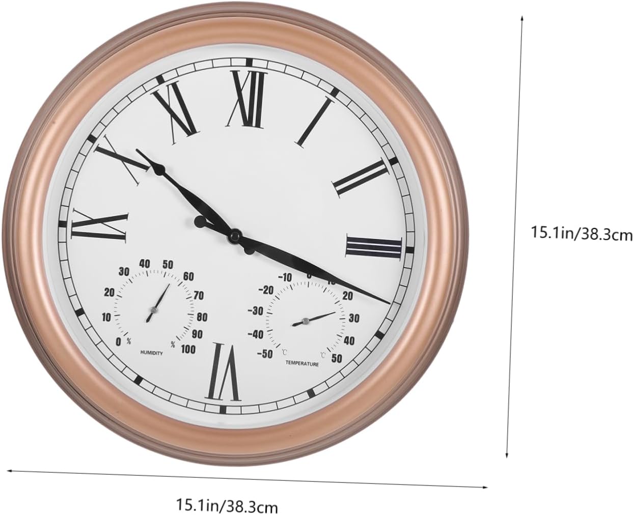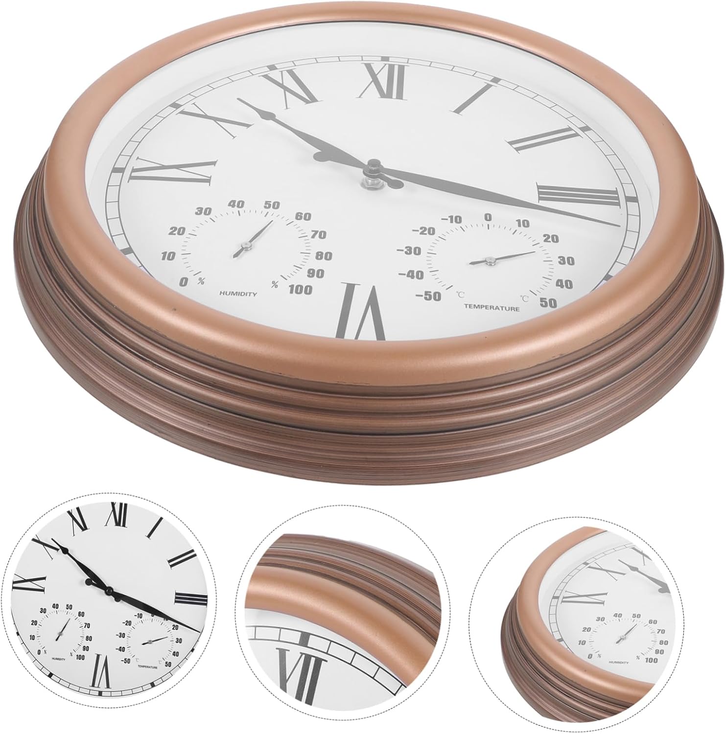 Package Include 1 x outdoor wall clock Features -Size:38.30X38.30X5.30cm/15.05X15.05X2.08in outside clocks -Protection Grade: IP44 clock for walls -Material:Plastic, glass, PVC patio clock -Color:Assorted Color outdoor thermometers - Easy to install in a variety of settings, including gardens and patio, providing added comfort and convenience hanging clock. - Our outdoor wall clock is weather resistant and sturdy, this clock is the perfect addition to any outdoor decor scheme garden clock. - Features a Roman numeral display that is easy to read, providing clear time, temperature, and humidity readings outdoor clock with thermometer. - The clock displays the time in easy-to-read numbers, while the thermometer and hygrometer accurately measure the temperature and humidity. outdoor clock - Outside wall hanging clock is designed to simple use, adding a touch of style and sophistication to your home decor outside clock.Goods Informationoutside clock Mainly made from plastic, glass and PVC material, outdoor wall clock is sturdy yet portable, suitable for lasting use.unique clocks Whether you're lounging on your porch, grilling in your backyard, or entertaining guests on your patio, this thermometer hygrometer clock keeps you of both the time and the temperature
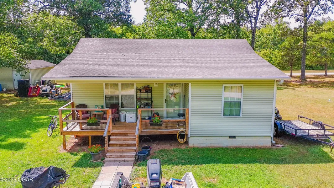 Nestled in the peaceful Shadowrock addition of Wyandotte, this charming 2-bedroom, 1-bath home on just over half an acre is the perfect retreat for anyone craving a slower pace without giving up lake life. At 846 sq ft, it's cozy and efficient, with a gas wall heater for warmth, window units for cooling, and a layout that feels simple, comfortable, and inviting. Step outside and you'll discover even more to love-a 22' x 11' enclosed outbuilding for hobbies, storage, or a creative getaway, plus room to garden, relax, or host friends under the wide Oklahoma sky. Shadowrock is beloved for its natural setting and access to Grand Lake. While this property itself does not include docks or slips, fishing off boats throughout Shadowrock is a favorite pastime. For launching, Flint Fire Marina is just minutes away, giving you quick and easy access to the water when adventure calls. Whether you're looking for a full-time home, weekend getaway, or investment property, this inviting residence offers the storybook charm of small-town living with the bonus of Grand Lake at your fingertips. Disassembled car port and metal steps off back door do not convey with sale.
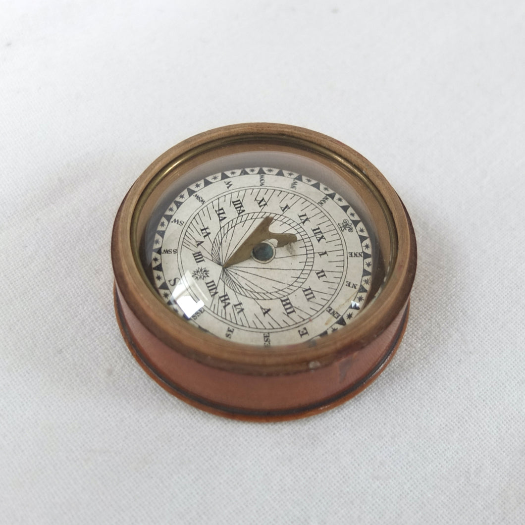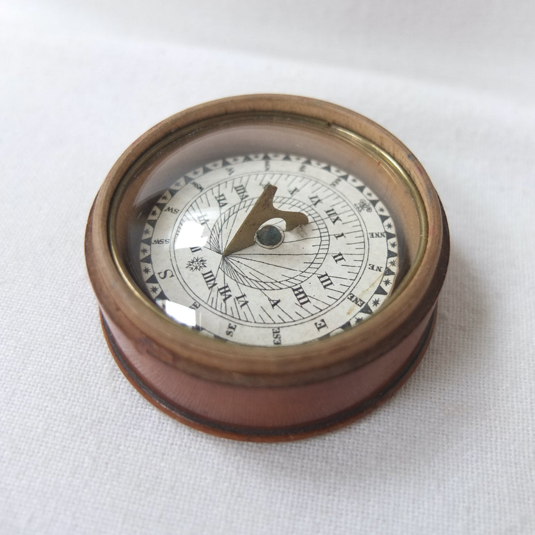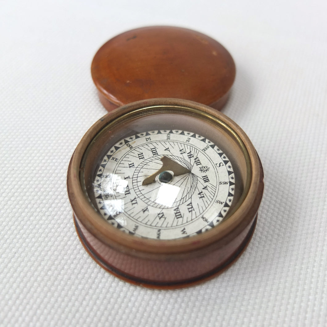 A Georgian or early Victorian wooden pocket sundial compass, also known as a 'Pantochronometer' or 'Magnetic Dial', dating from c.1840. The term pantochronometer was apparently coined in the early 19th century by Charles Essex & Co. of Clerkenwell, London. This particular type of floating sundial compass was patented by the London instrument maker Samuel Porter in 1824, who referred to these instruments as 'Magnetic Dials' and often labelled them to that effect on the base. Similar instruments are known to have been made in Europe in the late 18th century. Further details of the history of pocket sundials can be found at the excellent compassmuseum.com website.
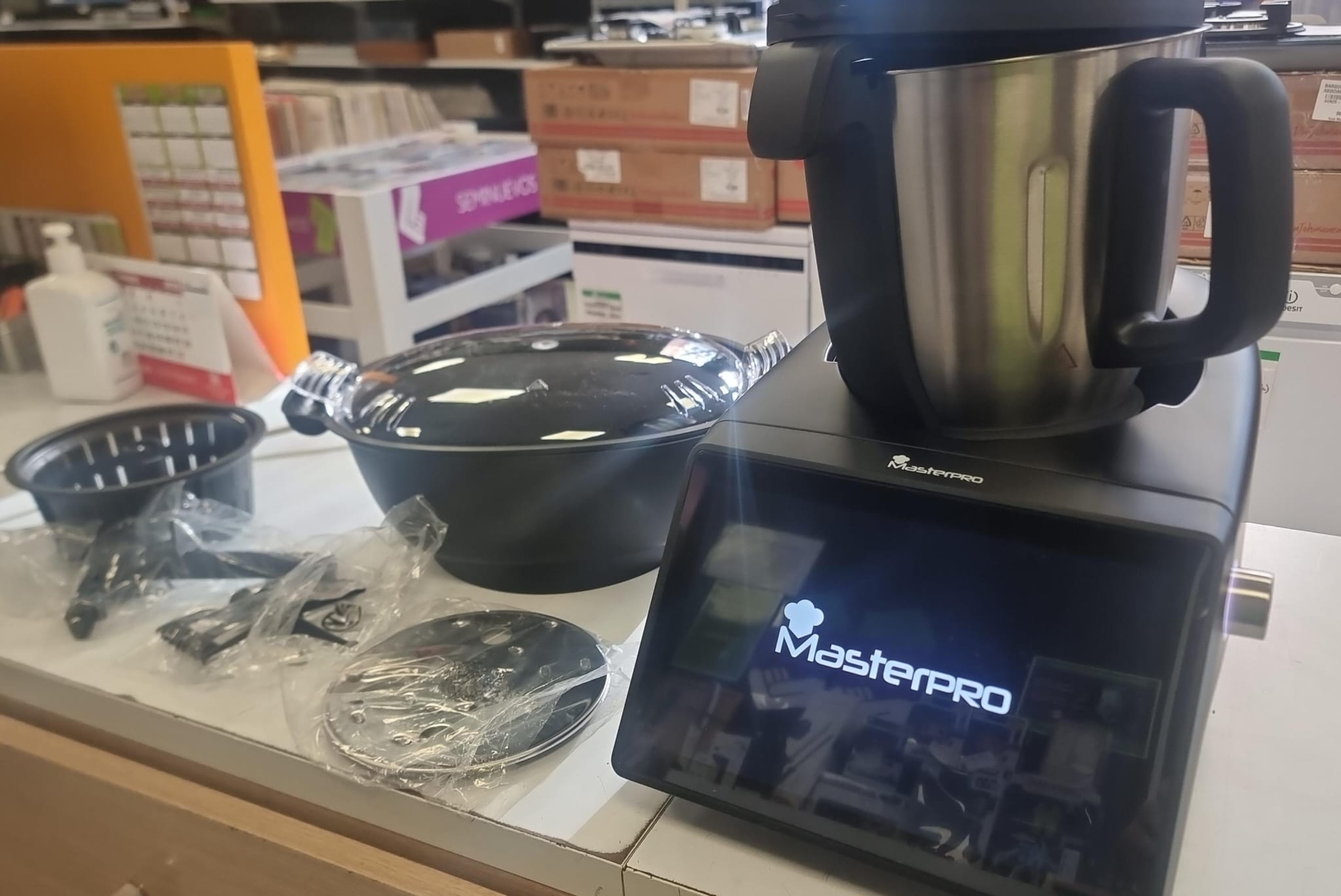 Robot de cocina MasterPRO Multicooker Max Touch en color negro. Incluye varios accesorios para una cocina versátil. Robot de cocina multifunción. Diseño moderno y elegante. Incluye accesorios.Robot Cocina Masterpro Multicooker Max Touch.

* * *

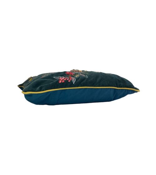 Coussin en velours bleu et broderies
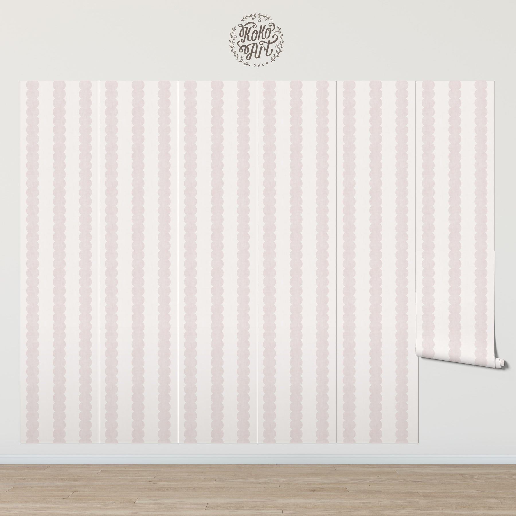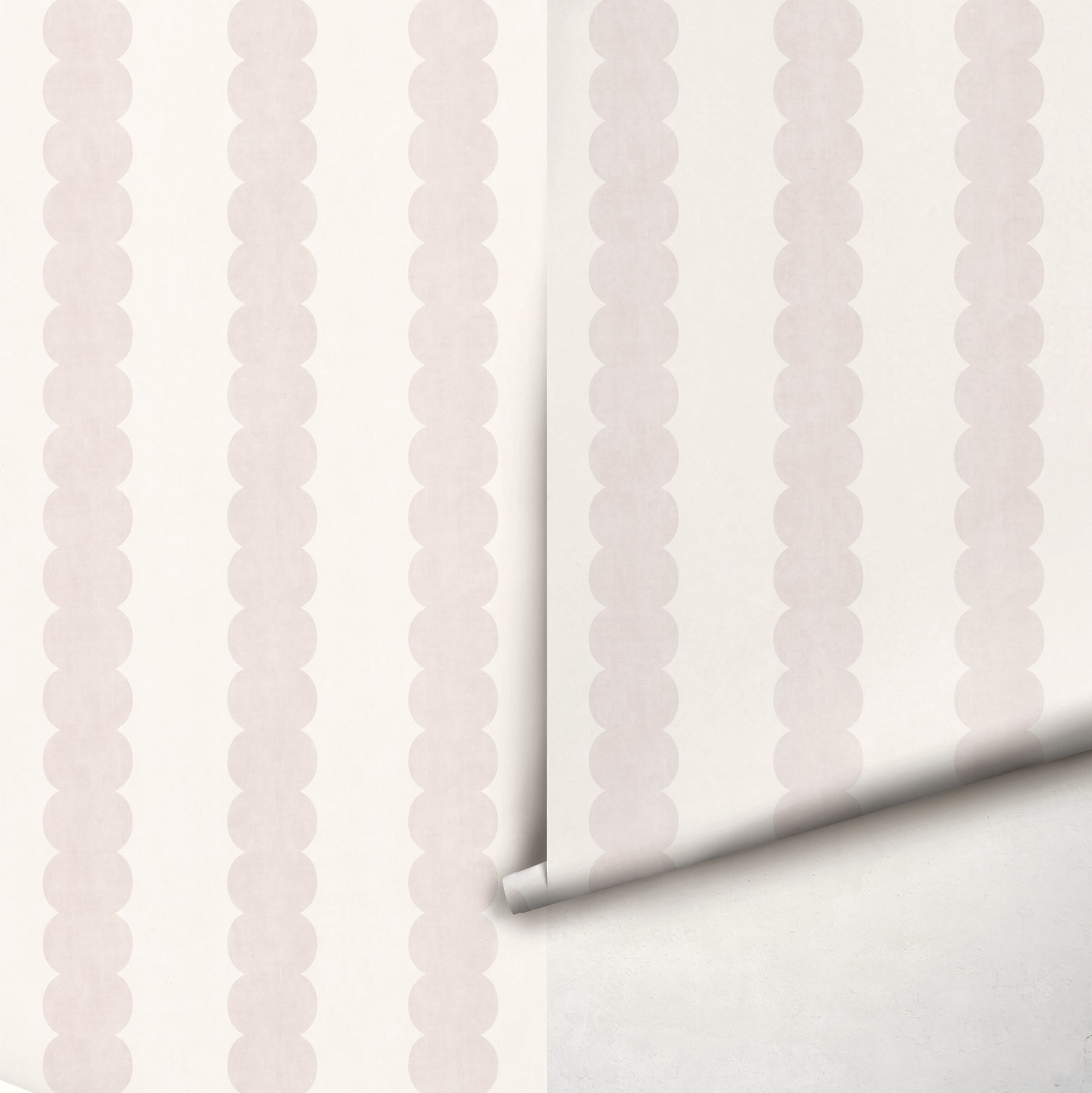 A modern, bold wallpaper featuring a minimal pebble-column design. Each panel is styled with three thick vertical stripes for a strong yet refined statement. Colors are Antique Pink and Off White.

### Aim of the exercise
What is wanted is an exact copy of the lines above from the one containing "Nestled in the" through the one containing "A Georgian or", with no pictures in it.

### Written answer
 Nestled in the peaceful Shadowrock addition of Wyandotte, this charming 2-bedroom, 1-bath home on just over half an acre is the perfect retreat for anyone craving a slower pace without giving up lake life. At 846 sq ft, it's cozy and efficient, with a gas wall heater for warmth, window units for cooling, and a layout that feels simple, comfortable, and inviting. Step outside and you'll discover even more to love-a 22' x 11' enclosed outbuilding for hobbies, storage, or a creative getaway, plus room to garden, relax, or host friends under the wide Oklahoma sky. Shadowrock is beloved for its natural setting and access to Grand Lake. While this property itself does not include docks or slips, fishing off boats throughout Shadowrock is a favorite pastime. For launching, Flint Fire Marina is just minutes away, giving you quick and easy access to the water when adventure calls. Whether you're looking for a full-time home, weekend getaway, or investment property, this inviting residence offers the storybook charm of small-town living with the bonus of Grand Lake at your fingertips. Disassembled car port and metal steps off back door do not convey with sale.
 A Georgian or early Victorian wooden pocket sundial compass, also known as a 'Pantochronometer' or 'Magnetic Dial', dating from c.1840. The term pantochronometer was apparently coined in the early 19th century by Charles Essex & Co. of Clerkenwell, London. This particular type of floating sundial compass was patented by the London instrument maker Samuel Porter in 1824, who referred to these instruments as 'Magnetic Dials' and often labelled them to that effect on the base. Similar instruments are known to have been made in Europe in the late 18th century. Further details of the history of pocket sundials can be found at the excellent compassmuseum.com website.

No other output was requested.